Kurumlar bu çerçevede kaldıkları takdirde birer problem çözme işlevi görürler, aksi takdirde sorunun parçası olurlar.

Çünkü yasaları ihlal etmek her yerde bir sorundur ve mutlaka çözülmesi gerekir.

Yıllardır boğuşup durduğumuz meselelerin çoğu, kişi veya kurumların bu yasal sınırları çiğnemesinden kaynaklanıyor.

Mesela, darbeler, biraz da askerin durumdan vazifesi çıkarıp, kendi kendine yeni görevler ihdas etmesi demek değil mi?

AYM’nin son yıllarda verdiği ideolojik kararlar, tam bir sınır ihlali, yetki gaspı değil mi?

Örnekleri çoğaltabiliriz.

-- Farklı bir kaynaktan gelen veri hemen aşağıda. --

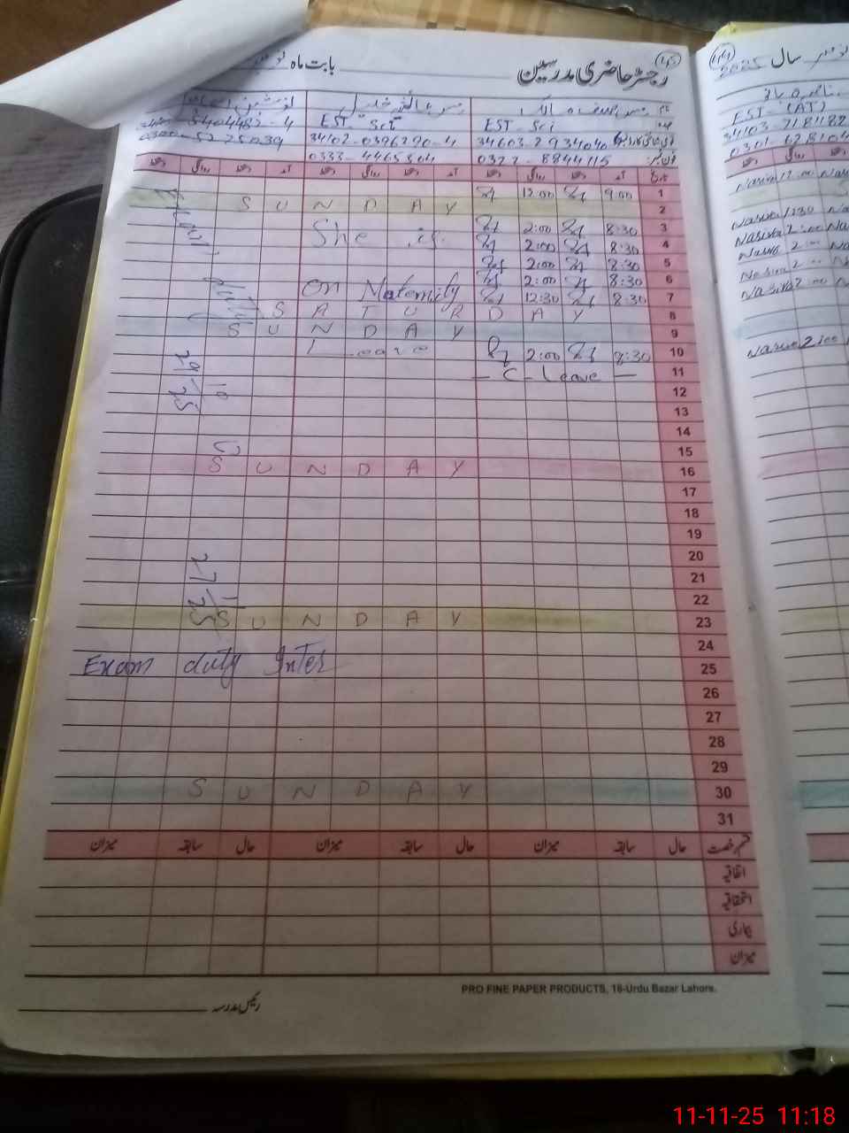 | Leave | Duty | Absent | Maternity | Medical | Ex- Pak |

Bu ihlaller, sonunda ağır maliyetlere sebep olmuş, büyük külfetlerle topluma dönmüştür.

AYM’nin son başörtüsü ve AKP’nin kapatılmasıyla ilgili kararı aynı minvalde değerlendirilebilir. Anayasa’nın değiştirilmesiyle ilgili şekil denetimini düzenleyen 148. maddesi param parça edilerek içerik denetimine girilmiş, bu madde hükmü bir içtihatla değiştirilerek yeni bir Anayasa maddesi ihdas edilmiştir. Hâlbuki yasa çıkarma, Anayasa’yı değiştirme yetkisi yasama organınındır. AYM bu kararıyla bu yetkiyi yasama organının elinden alarak kendi uhdesine geçirmiştir.

Her iki karar, sadece yürürlükte olan Anayasa’nın ihlalinden ibaret değildir.

İdeoloji Hukukun üstüne çıkarılmış, ideolojik hukuk diyebileceğimiz bir zemin oluşturulmuştur. Çünkü mahkeme yasaların denetimini Anayasa’ya göre yapmaktan vazgeçmiş, Sol-Kemalizm diye niteleye bileyeceğimiz yeni bir üst norm ihdas ederek, denetimlerini buna göre yapmıştır. Her iki gerekçenin birçok yerinde vurgulanan Atatürk ilke ve inkılâpları diskuru bu ideolojik denetimin en bariz göstergesidir. Böylece Anayasa, sadece mahkeme üyelerinin kafasında bulunan ve tamamen ideolojik öğelerden oluşan başka bir ana veya baba yasanın denetimine alınmıştır. Bunun adı keyfilik ve azınlığın çoğunluğa tahakkümüdür.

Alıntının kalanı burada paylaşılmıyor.